----- Data extract

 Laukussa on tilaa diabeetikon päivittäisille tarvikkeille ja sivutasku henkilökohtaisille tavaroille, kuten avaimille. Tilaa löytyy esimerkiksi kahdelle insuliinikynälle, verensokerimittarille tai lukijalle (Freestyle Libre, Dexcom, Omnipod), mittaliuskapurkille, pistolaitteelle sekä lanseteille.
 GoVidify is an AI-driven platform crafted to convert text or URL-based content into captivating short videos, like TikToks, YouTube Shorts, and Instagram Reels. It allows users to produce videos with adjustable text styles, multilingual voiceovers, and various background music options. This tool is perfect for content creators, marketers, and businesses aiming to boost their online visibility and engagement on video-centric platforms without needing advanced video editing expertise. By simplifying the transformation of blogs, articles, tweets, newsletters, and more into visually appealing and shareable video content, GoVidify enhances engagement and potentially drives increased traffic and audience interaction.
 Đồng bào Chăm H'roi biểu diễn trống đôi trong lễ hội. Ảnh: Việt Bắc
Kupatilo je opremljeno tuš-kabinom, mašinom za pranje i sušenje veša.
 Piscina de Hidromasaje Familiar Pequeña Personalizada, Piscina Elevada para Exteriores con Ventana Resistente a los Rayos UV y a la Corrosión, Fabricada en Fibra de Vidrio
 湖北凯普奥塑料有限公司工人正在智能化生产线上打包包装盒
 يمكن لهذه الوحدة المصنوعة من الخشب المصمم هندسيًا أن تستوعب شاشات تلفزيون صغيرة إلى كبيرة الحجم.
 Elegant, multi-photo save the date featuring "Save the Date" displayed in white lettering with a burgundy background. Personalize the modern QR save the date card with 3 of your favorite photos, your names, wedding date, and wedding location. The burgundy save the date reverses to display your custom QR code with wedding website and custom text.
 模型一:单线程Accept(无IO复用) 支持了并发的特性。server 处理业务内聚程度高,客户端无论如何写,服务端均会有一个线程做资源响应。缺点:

----------
----- Data extract

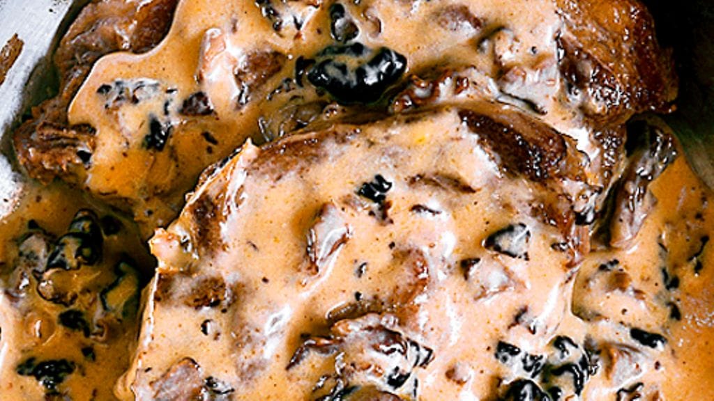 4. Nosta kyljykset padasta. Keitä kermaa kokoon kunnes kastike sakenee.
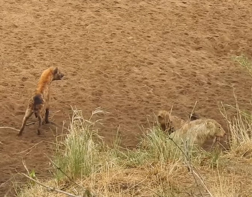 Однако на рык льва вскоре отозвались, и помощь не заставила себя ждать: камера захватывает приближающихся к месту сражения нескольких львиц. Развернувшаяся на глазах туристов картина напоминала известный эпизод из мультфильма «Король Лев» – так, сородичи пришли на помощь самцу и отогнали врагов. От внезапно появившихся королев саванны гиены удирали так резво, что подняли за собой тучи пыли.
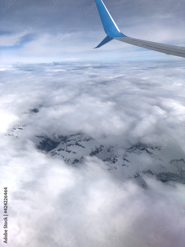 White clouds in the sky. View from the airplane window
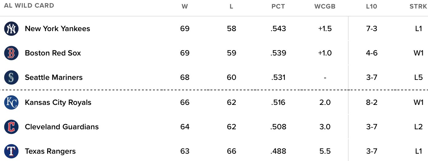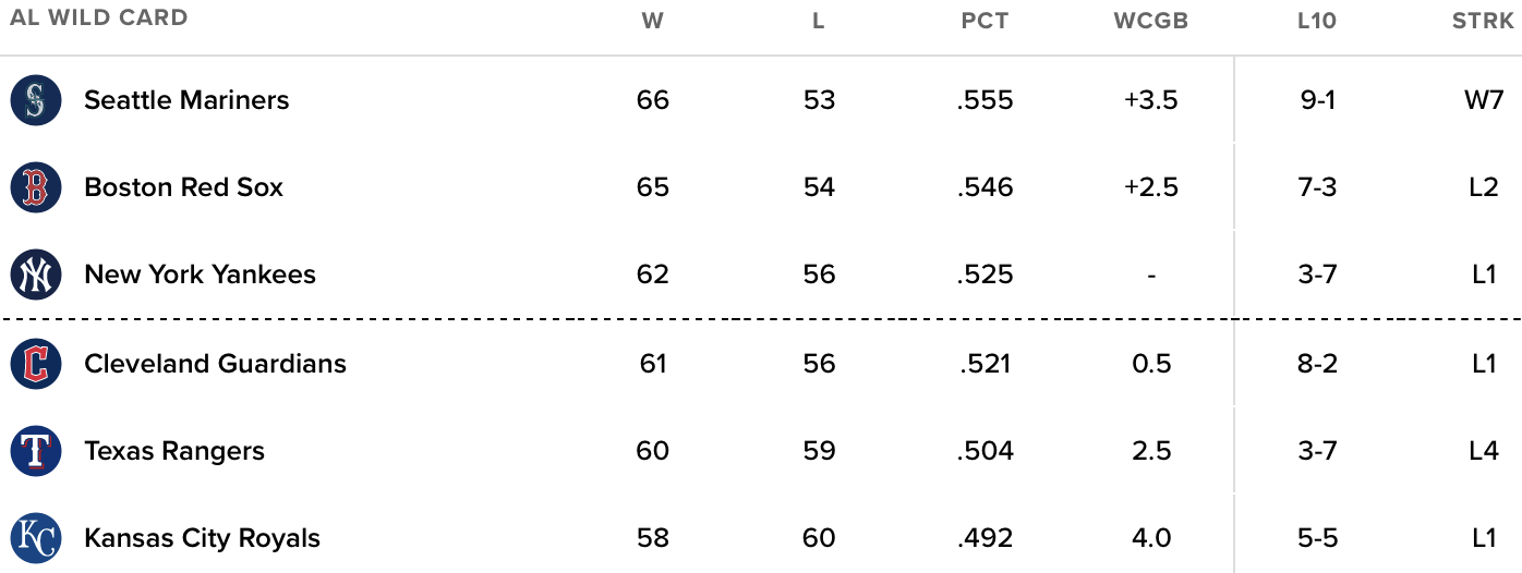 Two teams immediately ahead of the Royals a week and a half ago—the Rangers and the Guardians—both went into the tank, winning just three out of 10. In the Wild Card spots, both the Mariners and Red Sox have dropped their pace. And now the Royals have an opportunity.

----------

Task to complete
Referring to the material above, set down exactly the lines between the line with "Piscina de Hidromasaje" and the line with "يمكن لهذه الوحدة", inclusive, and no other lines.

Response box
 Piscina de Hidromasaje Familiar Pequeña Personalizada, Piscina Elevada para Exteriores con Ventana Resistente a los Rayos UV y a la Corrosión, Fabricada en Fibra de Vidrio
 湖北凯普奥塑料有限公司工人正在智能化生产线上打包包装盒
 يمكن لهذه الوحدة المصنوعة من الخشب المصمم هندسيًا أن تستوعب شاشات تلفزيون صغيرة إلى كبيرة الحجم.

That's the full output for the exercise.